* Given data
=== Section Start ===
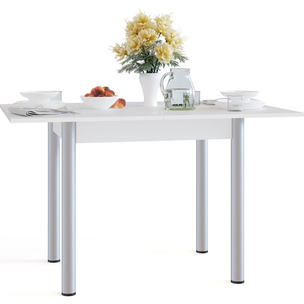 Обеденный стол СОКОЛ белый СО-1м СО1мБ6 с компактными размерами идеально пойдет для маленькой кухни. В сложенном виде размеры столешницы составляют всего 800х600 мм. Лаконичный стиль исполнения делает модель универсальной для любого интерьера. Столешница и подстолье изготавливаются из ЛДСП толщиной 16 мм. Края столешницы обработаны кромкой ПВХ 2 мм, остальные детали — ПВХ 0,4 мм. Ножки — металлические. Высота от пола до края подстолья — 620 мм. Стол оснащен поворотным раскладным механизмом, который увеличивает ширину столешницы до 1200 мм. Чтобы разложить стол, нужно отодвинуть столешницу, повернув ее на 90 градусов и раскрыть как книжку. Удобно и просто. Обратите внимание! В разложенном состоянии петли находятся на поверхности столешницы.
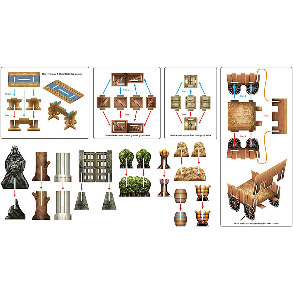 - The pack will contain approximately 4-5 punch boards filled with quick assembled obstacles which include (but not limited to): Barrels, Potted Plants, Chests, Furniture (Chairs and Tables), Pillars, Rocks and Shrubs, Doors, Flames of Hope, and Despair Urns.
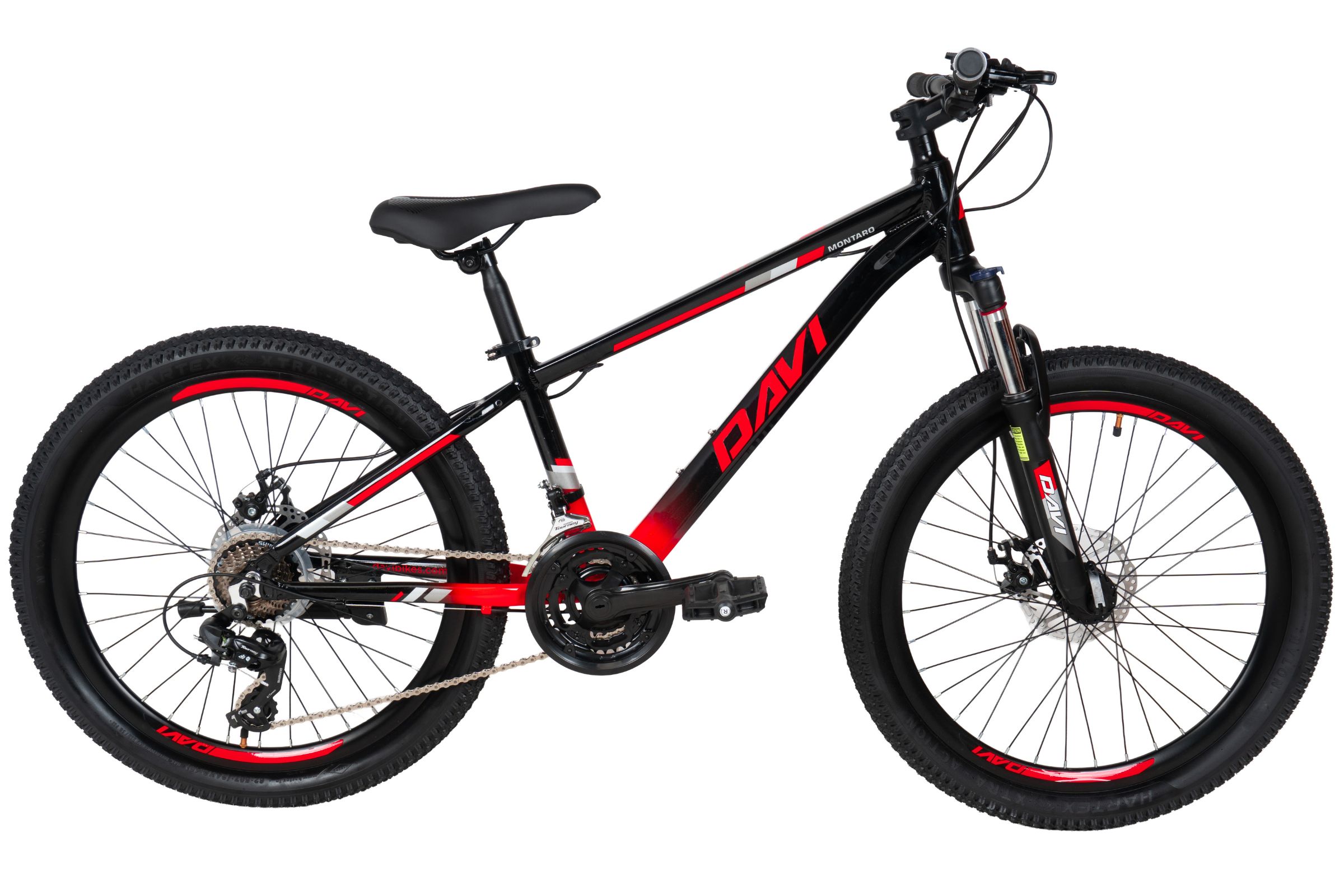 Drengecykel Davi Montaro Aluminium, 24″, 130-160 cm, 21 gear, Sort/Rød
=== Section End ===
Pictures are to be omitted; otherwise, every line from the first line of the listing through the line containing "- The pack will" must be reproduced exactly, both ends included.

* Completed task
 Обеденный стол СОКОЛ белый СО-1м СО1мБ6 с компактными размерами идеально пойдет для маленькой кухни. В сложенном виде размеры столешницы составляют всего 800х600 мм. Лаконичный стиль исполнения делает модель универсальной для любого интерьера. Столешница и подстолье изготавливаются из ЛДСП толщиной 16 мм. Края столешницы обработаны кромкой ПВХ 2 мм, остальные детали — ПВХ 0,4 мм. Ножки — металлические. Высота от пола до края подстолья — 620 мм. Стол оснащен поворотным раскладным механизмом, который увеличивает ширину столешницы до 1200 мм. Чтобы разложить стол, нужно отодвинуть столешницу, повернув ее на 90 градусов и раскрыть как книжку. Удобно и просто. Обратите внимание! В разложенном состоянии петли находятся на поверхности столешницы.
 - The pack will contain approximately 4-5 punch boards filled with quick assembled obstacles which include (but not limited to): Barrels, Potted Plants, Chests, Furniture (Chairs and Tables), Pillars, Rocks and Shrubs, Doors, Flames of Hope, and Despair Urns.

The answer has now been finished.